About this exercise: Quote exactly the lines from the one with "活动伊始,史靖宇老师以其丰富" to the end of the data, both included; omit the pictures.

Dataset records:
= Beginning of Section =
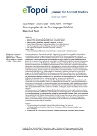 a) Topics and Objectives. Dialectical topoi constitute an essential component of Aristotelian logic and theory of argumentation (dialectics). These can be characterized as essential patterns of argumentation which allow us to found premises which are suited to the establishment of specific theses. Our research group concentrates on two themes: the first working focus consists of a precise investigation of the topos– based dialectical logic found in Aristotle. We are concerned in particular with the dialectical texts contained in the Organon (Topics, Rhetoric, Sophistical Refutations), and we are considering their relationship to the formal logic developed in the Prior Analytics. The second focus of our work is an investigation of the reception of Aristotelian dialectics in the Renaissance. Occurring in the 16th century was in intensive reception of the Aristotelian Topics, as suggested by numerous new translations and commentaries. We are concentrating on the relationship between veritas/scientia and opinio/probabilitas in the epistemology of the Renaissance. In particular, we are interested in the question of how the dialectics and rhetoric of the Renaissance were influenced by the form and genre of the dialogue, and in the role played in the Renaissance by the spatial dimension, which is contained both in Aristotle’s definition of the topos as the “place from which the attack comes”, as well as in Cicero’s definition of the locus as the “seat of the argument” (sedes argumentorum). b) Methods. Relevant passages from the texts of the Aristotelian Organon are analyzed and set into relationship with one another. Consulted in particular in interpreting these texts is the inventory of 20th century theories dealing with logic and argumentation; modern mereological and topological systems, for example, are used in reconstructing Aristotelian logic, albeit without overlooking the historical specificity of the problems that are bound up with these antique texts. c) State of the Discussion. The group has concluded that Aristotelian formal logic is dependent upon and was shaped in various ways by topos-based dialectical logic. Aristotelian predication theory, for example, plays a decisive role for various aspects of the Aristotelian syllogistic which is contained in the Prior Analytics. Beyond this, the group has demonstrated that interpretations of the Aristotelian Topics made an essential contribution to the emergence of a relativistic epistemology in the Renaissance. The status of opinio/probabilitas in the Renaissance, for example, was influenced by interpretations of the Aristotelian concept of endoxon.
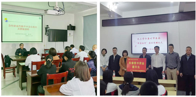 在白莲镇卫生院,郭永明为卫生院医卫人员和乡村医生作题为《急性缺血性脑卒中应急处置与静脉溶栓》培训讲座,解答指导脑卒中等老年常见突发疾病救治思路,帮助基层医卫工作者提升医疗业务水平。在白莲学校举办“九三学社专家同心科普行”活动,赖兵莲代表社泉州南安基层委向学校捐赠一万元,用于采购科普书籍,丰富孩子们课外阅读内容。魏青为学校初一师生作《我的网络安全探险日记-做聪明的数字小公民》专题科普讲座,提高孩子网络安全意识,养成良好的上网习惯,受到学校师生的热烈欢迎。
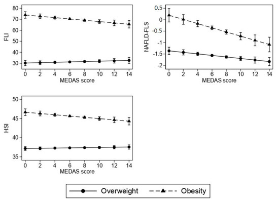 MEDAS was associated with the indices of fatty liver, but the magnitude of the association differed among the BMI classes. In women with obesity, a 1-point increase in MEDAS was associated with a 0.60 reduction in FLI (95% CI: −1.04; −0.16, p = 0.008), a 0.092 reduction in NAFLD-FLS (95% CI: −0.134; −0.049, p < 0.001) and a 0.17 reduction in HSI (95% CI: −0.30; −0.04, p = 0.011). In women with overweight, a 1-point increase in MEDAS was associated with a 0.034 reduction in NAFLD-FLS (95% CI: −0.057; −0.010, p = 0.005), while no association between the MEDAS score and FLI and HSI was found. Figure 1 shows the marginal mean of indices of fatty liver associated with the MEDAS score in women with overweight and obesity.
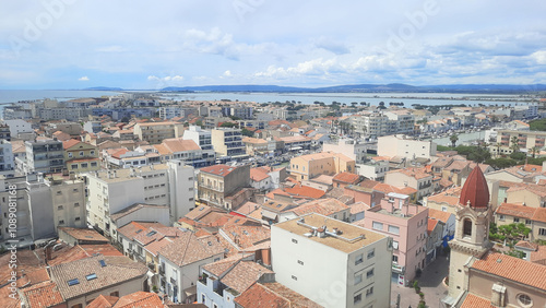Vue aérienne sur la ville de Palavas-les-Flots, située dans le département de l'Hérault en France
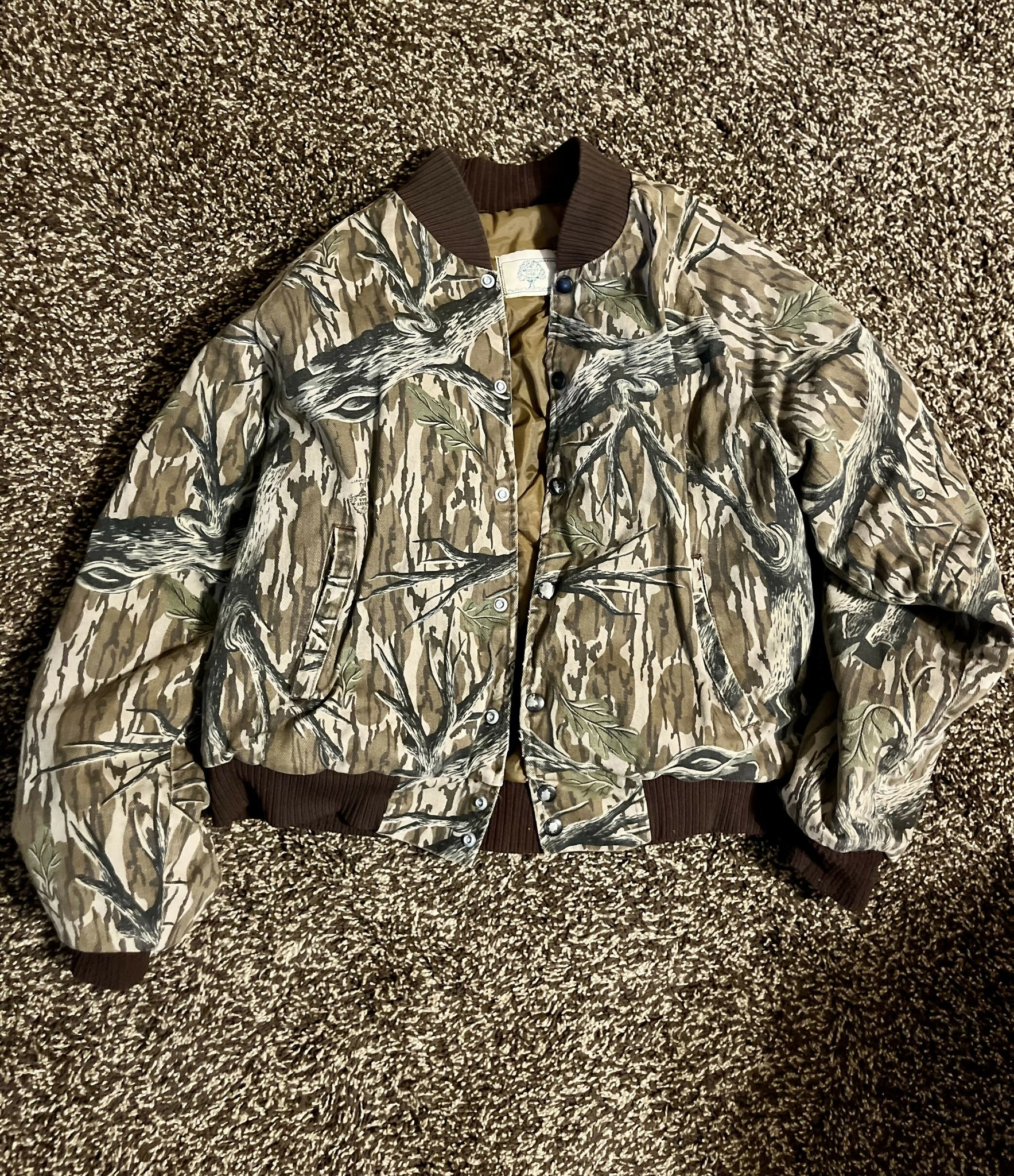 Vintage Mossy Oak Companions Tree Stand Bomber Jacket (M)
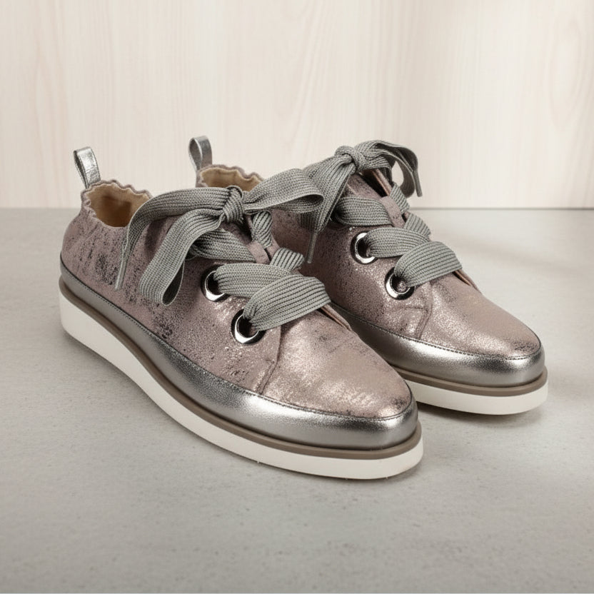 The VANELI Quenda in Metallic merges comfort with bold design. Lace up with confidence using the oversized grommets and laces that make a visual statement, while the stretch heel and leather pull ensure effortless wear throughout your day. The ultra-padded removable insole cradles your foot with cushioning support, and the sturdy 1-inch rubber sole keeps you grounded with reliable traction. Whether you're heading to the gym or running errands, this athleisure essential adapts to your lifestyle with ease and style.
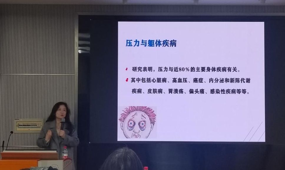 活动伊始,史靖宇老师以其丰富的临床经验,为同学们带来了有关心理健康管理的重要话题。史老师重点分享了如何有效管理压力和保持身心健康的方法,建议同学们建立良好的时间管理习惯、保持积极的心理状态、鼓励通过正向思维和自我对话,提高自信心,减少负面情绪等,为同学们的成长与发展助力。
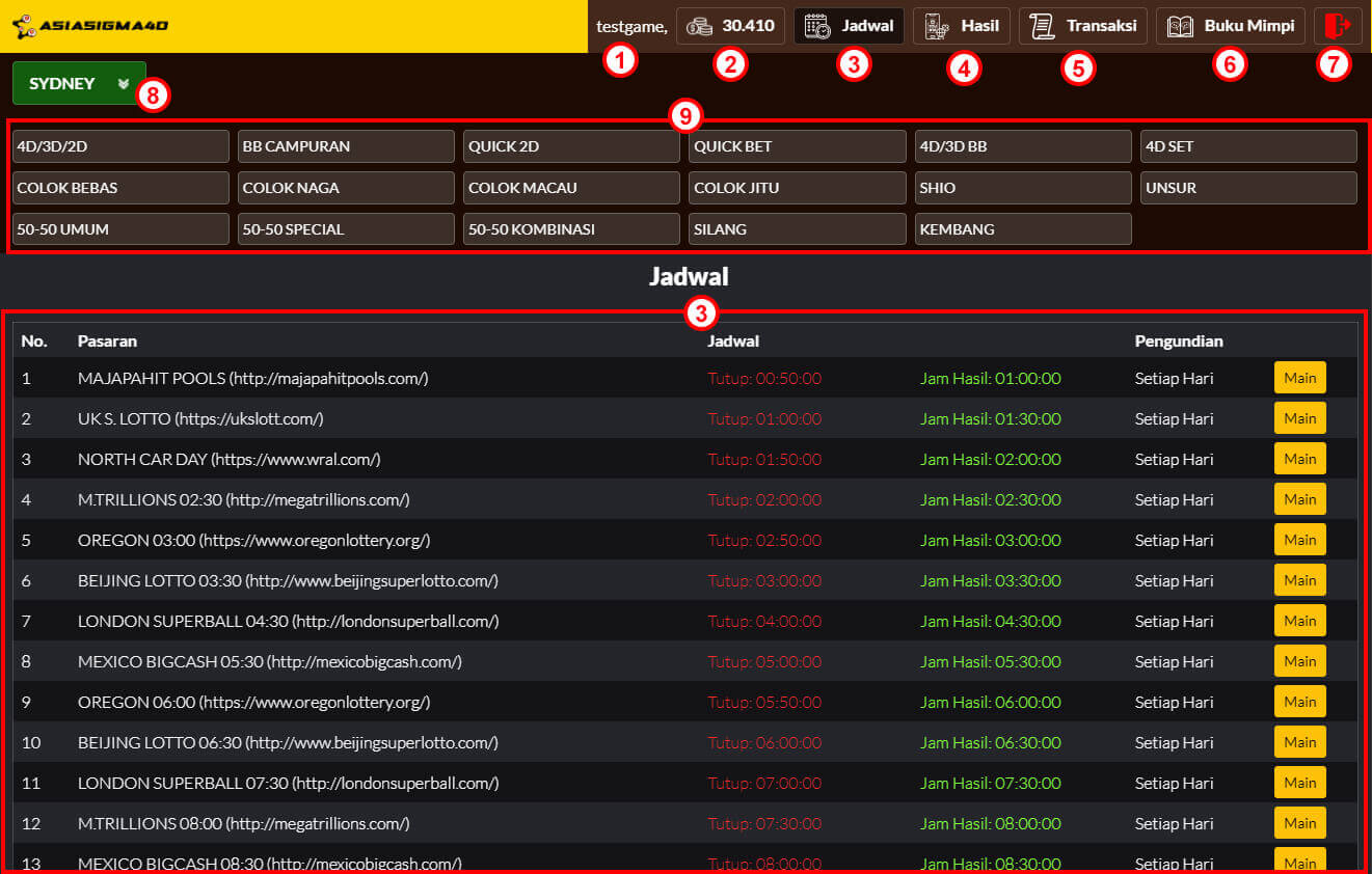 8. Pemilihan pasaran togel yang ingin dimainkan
= End of Section =
Task solution:
 活动伊始,史靖宇老师以其丰富的临床经验,为同学们带来了有关心理健康管理的重要话题。史老师重点分享了如何有效管理压力和保持身心健康的方法,建议同学们建立良好的时间管理习惯、保持积极的心理状态、鼓励通过正向思维和自我对话,提高自信心,减少负面情绪等,为同学们的成长与发展助力。
 8. Pemilihan pasaran togel yang ingin dimainkan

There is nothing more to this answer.